Her name is Blessing, she is 10 months old and the daughter of an ‘Ebola survivor’, Marie, that we first took care of in Lakka, and then in the Goderich Ebola Treatment Centre. A few days ago, Marie came back to our hospital to say hi to Doctor Gina, whom she hadn’t seen in three years, to show her a baby girl that she thought she would never have.”
— Rossella Miccio, President of EMERGENCY, from Sierra Leone
SEPTEMBER
The 17th EMERGENCY Annual Meeting
Human rights, war and migration. Trento was the host city for our Annual Meeting in 2018. We spent two days in the historic town centre’s most distinctive spots, with speakers, volunteers, artists and all the other people who came to talk with us about war, peace, and EMERGENCY.
OCTOBER
Elections under attack
The elections in Afghanistan, delayed for over three years, arrived with an expectation of violence. Bombings and attacks on government buildings caused dozens of injuries throughout the capital city. Our Kabul hospital received 50 wounded patients. One was dead when he arrived. He was ten years old.
NOVEMBER
A special visitor from Burundi at The Salam Centre
A key part of our activities here is conducting regular screening missions across the continent to identify those in need of life saving heart surgery.
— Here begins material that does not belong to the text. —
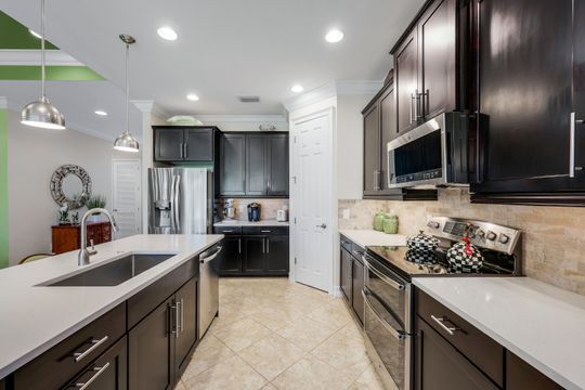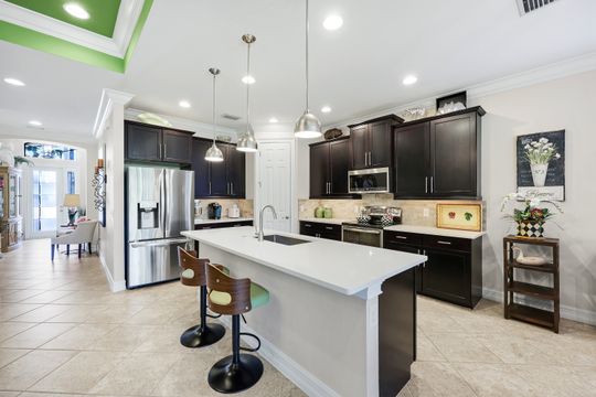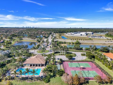 Welcome to this inviting and spacious single-story home with a gorgeous lake view located on a quiet corner lot. The sought-after gated community of Paloma is a rare find, combining a superior location with convenience and resort-style living. This well-designed open-concept and customized Edison floor plan offers 1,983 sq ft of living space, with 3 bedrooms plus a den that has its own closet, and 3 full baths. Bedrooms are smartly arranged for privacy, and the home flows effortlessly from the grand entryway into the living room and kitchen. The kitchen is outfitted with timeless espresso all-wood shaker cabinets, quartz countertops, new disposal and farmhouse stainless steel sink, as well as modern stainless steel appliances, delivering both style and practicality. The large primary bedroom features two walk-in closets, and the primary bathroom provides ample space with dual sinks, a modern glass shower enclosure, and a uniquely convenient custom converted laundry area. The former laundry room has been converted into a stunning and tropical full 3rd bath, adjacent to the den. The oversized, marble-floored lanai provides a relaxing outdoor extension of the home with electric hurricane shutters, designer light-fixtures, and ceiling fan — ideal for morning coffee or evening unwinding as you gaze across a peaceful lake and lighted fountain. The rest of the home features accordion storm shutters throughout, and has had all major systems upgraded: new A/C and 50 gallon hot water heater installed in 2024, freshly power-washed and sealed driveway, a recent full exterior home repaint, and more. The 2-car garage boasts a structural 4ft. depth extension, additional floor storage in both the attic and garage cabinets, plus a generously widened paver driveway for additional guest parking - a perk rarely found in gated communities. This home enjoys added privacy adjacent to a green space lot on the south side of the home, fully maintained by the HOA. With its unique corner lot placement on the interior of the community, this location lives much more quiet than most other available homes in Paloma. The community offers an enviable resort-like lifestyle with luscious and mature landscaping, towering palms, and ample amenities that include a lap pool, fitness center, tennis courts, a recently remodeled clubhouse, and more. Its central location puts you within a short ride from the SWFL International Airport (RSW), shopping hubs like Mercato, Coconut Point Mall, Gulf Coast Town Center and Miromar Outlets, as well as our pristine and freshly re-nourished Gulf Coast beaches. Ample healthcare facilities surround the Bonita Springs-Estero area for excellent and award-winning care, including Lee Health's 24/7 Emergency Medicine center just 10 minutes away. Furthermore, the vibrant Downtown Bonita Springs area has been redeveloped to be more walkable, with a mix of historic buildings and new developments. Foodies unite because plentiful dining from fine eateries to relaxed cafes and even a food truck park abound. The Riverside Park in downtown Bonita Springs is a central hub for community events, featuring a bandshell, historical buildings like the Liles Hotel and Artist Cottages, a butterfly garden, and a veteran's memorial. The Bonita Estero Rail Trail is a nearly 15-mile trail connecting pedestrians to other parts of Lee County, and other area amenities like The Wonder Gardens offer a historic botanical garden and wildlife sanctuary just a short drive from Paloma. Whether you’re seeking a full-time Florida home, a vacation getaway, or an investment property, this home delivers a perfect blend of comfort and lifestyle. Paloma is a very active, resident managed neighborhood with a social committee that puts on a full calendar of activities and events for residents. Paloma received a LOMR exemption letter from FEMA, and does not require flood insurance. Please view the home's Features & Upgrades flyer for a detailed list of upgrades.

Little Chantal was one of those that needed treatment, and EMERGENCY organised her journey to Khartoum.
She was only a one year old when her parents discovered that she had a heart condition: she had been in and out of hospital ever since. We put an end to this. She came to Khartoum with her father and the surgery was a great success, as was the month of the follow-up physiotherapy she underwent at the Salam Centre whilst staying at the hospital guesthouse with her dad.
Now she is back in Burundi, living a normal life without any further therapy.
It was lovely to meet you, Chantal!
DECEMBER
70th anniversary of the Universal Declaration of Human Rights
On 10 December, we proudly celebrated the 70th anniversary of the Universal Declaration of Human Rights As always, we stated that respecting the human rights of every person is the basis for a free and fair world.